5. Ever tracked your biorhythms? Are you having a good day or a bad day? Any other crap like this you might hold onto from time to time?
According to this scale, I am having a low emotional day, however, I feel great – so I guess I am not putting a lot of faith in this bunk. I want to believe in something as simple as Biorhytms and Astrology as a way to explain this great world of ours – but let’s face it. Life is pretty deliberate when humans intervene and pretty random when Nature responds.

Friday Fives

1. What is your favorite kitchen appliance? If if broke, could you replace it?
For me, it is either the coffee roaster, an absolute extravagance that has changed my life. Coming a close second is the microwave. What a technological thing of beauty that thing is.

2. Did your grandmother have a nickname for you? What was it? How did you earn it.
Nope. No nicknames. We weren’t a real nicknamey family.

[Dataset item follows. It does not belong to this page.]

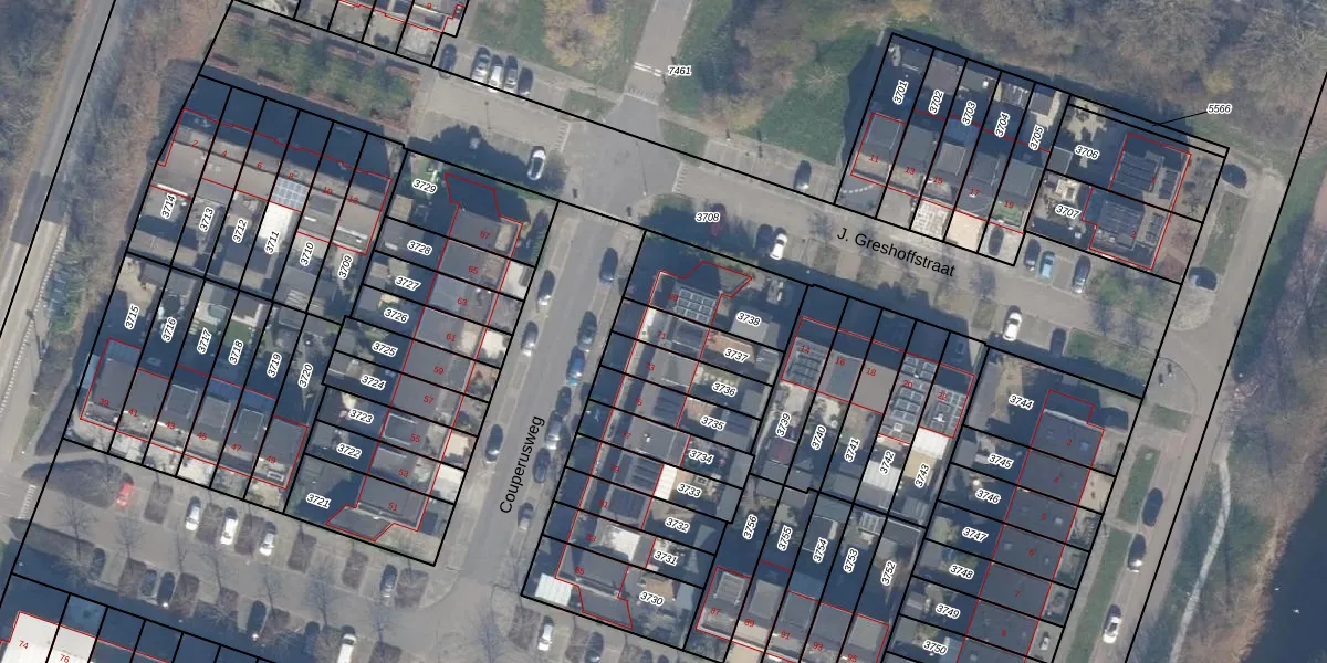 Gebruik de zoekbalk of klik op een perceel voor informatie over de adressen binnen dit perceel.

3. What was the last big thing you broke? How did you end up fixing it.
A heart? Just kidding. hmmm. Let’s see, probably my sister” Rubbermaid cake holder. It was the unfortunate victim of a tiny, tiny, pittance of a kitchen fire – a fire whose smoke damaged scars still remain – I replaced the cake holder, I haven’t repainted the smoke stained wall.

4. If you had your own spaceship, what would you name it and why? What would it be like?
“To Infinity – And Beyond!” In David Foster Wallace’s essay “Getting Away from Already Pretty Much Away From It All,” DFW nicknames the 7 day, 7 night cruise ship he is staying on the “SS Nadir.” That has always rung whitty with me. My starship may have the same name, because if we find ourselves in space, with me at the helm of a starship, we are all doomed.

5. March is nearly here! (Thank you, Jesus.) We survived February. (Thank you, Cutty Sark.) Do you have any Spring seasonal change traditions that you observe?
A big, drunken Easter blow out has been a solid 15 year tradition. In my home town of Craig, the segue into Spring is celebrated by the Kiwanis club in their annual show featuring tons and tons of booze, pillars of the community in drag doing modern day burlesque and some bad, bad lip synching. It would kill me to find such an adventure here in Denver.